Emmanuel discussed the project he had been working on over the past year. He tracked every blue line play for the Sens for the past season. Every time the puck crosses over the blue line whether it be an entry or an exit he was tracking it. He said there are about 400-500 of these events a game. He showed how Cody Ceci had a poor Corsi and explained that he was the worst Senators d man at preventing controlled entries. This was one of the best presentations of the whole day. I was so drawn in by it that I completely forgot to write notes on it. I hope the presentation slides become available on online so we can all get a chance to see his great work.*
*editors note: Emmanuel has posted his presentation to youtube, which can be seen here
Berkshire had a great presentation breaking down PK Subban. He talked about how the Canadiens coaching staff has tried to change Subban’s style of play to make him a better defencemen. What baffled me about that was they decided to do this the year after he won the Norris Trophy. The Canadiens thought that Subban was a defensive liability.
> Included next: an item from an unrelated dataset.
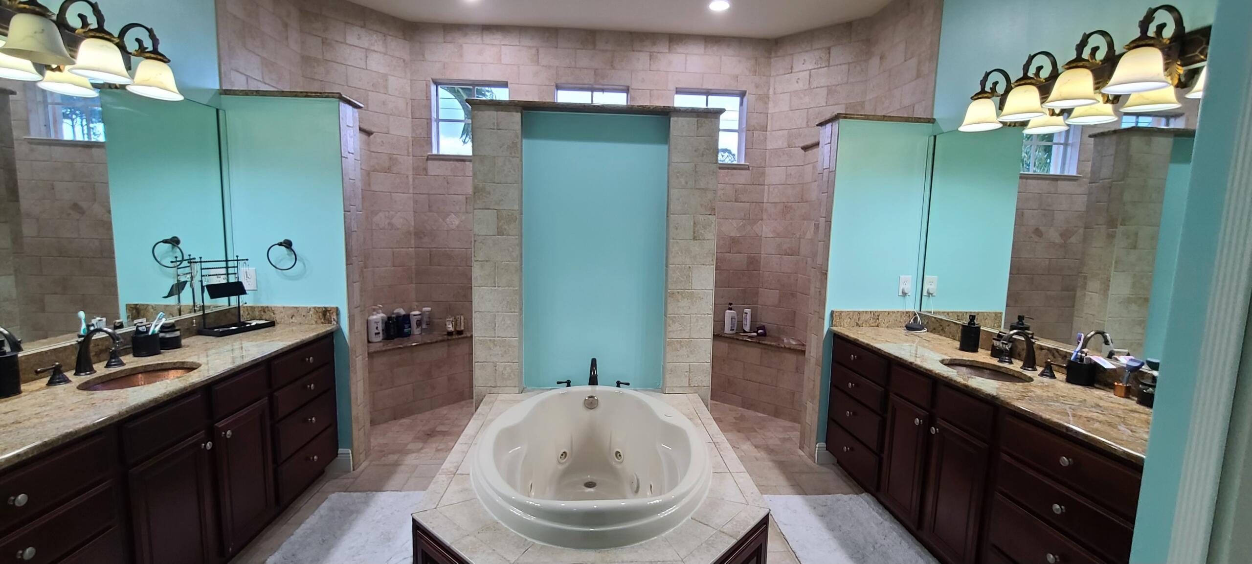 The master bedroom is a retreat, measuring 13' x 17', with a walk-through leading to two spacious walk-in closets and a luxurious master bathroom. This bathroom includes his-and-her sinks, a linen closet, a Sicilian-style shower, and a large whirlpool tub.

What Berkshire showed was that in getting Subban to play “safe hockey” (chips off the glass, dumps in etc), he has actually become a worse defensive player.
The “third period” had Tom Awad talking about the future of hockey analytics, Timo Seppa applying fancy stats to the NCAA and Michael Schuckers talking about Central Scouting and the draft. Awad’s presentation was similar to that of Vollmans in talking about Sport Vision. He discussed how this is going to drive the future of hockey analytics not just from the new data we will be able to get but also to improve on the data we already have. For example shot location data is all done manually, so many errors have occurred with shots being taken from crowd as an example. Tracking technology will eliminate all those mistakes.
Timo has been tracking zone entries for Quinnipac University. He talked about the importance of gaining the zone with control and how important it is for defencemen to break up those entries. He showed how a couple defencemen were perceived as being not great defensively actually excelled preventing entries (all players were anonymous).
Finally Schuckers capped off the day with a great presentation on Central Scouting (CSS) and the NHL draft. He talked about CSS as being the “market” and if NHL scouts could beat the market. Turns out scouts can beat the market however only early in the draft. For the first 20 picks or so CSS and Scouts each do a similarly good job at picking players (based on future GP and TOI). From around pick 20 to pick 100 the scouts were better, and from about pick 180 on CSS was better. Schuckers than estimated that value scouts provide is around 2M dollars, and that value comes in rounds 2 and 3.
Overall this was an amazing experience. I got to meet some great people who are driving the hockey analytics movement as well as some awesome people who like myself are along for ride. The weekend was full of jokes and debates, I have so many topics and ideas I want to explore further. Be on the lookout here for that.